Um kurz nach acht holt uns das Taxi ab und wir fahren nach Schönefeld. Irgendwann müssen wir ja anfangen, uns an den Weg zu gewöhnen… Durch Zufall sind wir bei myTaxi darüber gestolpert, dass es bis 17.05. 50% Rabatt gibt, wenn man über die App bezahlt. Das lohnt sich dann bei der langen Strecke schon, obwohl wir lieber S-Bahn gefahren wären aber das geht ja gerade (mal wieder) nicht…
Der Flug geht halbwegs pünktlich los und da gerade die Landebahnen von SXF gewartet werden, starten wir von den neuen Runways des BER. Immerhin eine Sache, die augenscheinlich fertig ist. 😉

In Lissabon gelandet bringt uns ein Taxi zur Ferienwohnung.
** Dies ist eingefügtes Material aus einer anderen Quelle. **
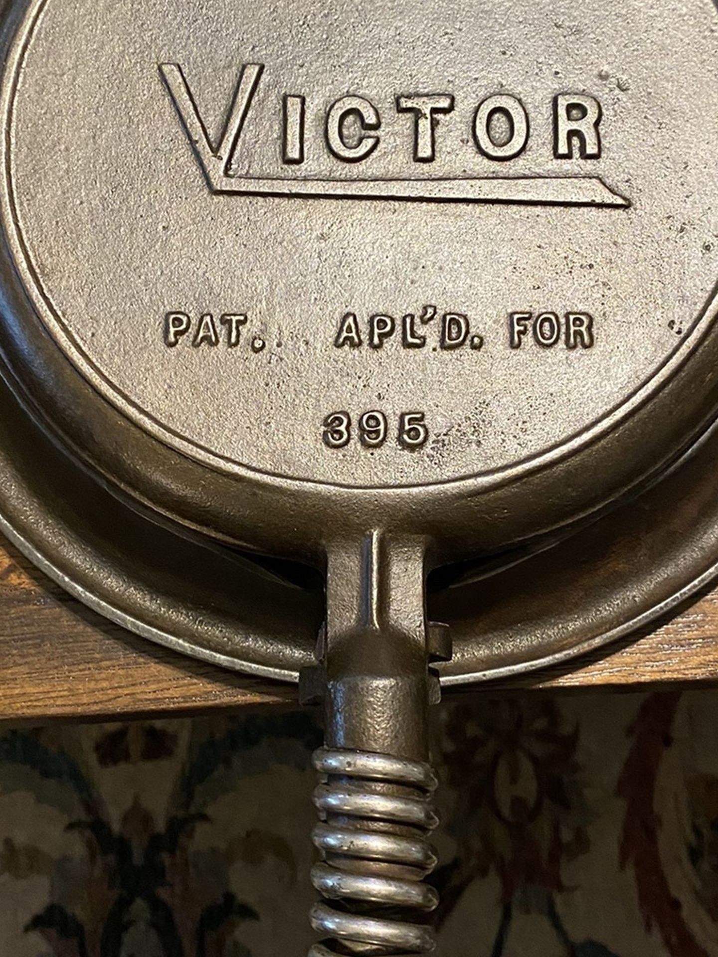 VICTOR #8 WAFFLE IRON # 395, LOW BALE HANDLE BASE. SPRING HANDLES, Lye bath, E TANK, seasoned X3, base seasoned x1 with BUZZY’s BEAUTIFUL EXCELLENT CONDITION

Zuerst will der Kerl gute 25€ schätzen aber das ist natürlich wieder der Versuch die Touristen abzuziehen. Dumm nur, dass wir uns schlau gemacht haben, denn so wissen wir, was das kosten darf nämlich nur knapp die Hälfte…

An der Wohnung empfängt uns dann „Mr. Carlos“ und weist uns in die Wohnung ein. Alles ist sehr ordentlich und schön gemütlich. Hier lässt es sich aushalten. 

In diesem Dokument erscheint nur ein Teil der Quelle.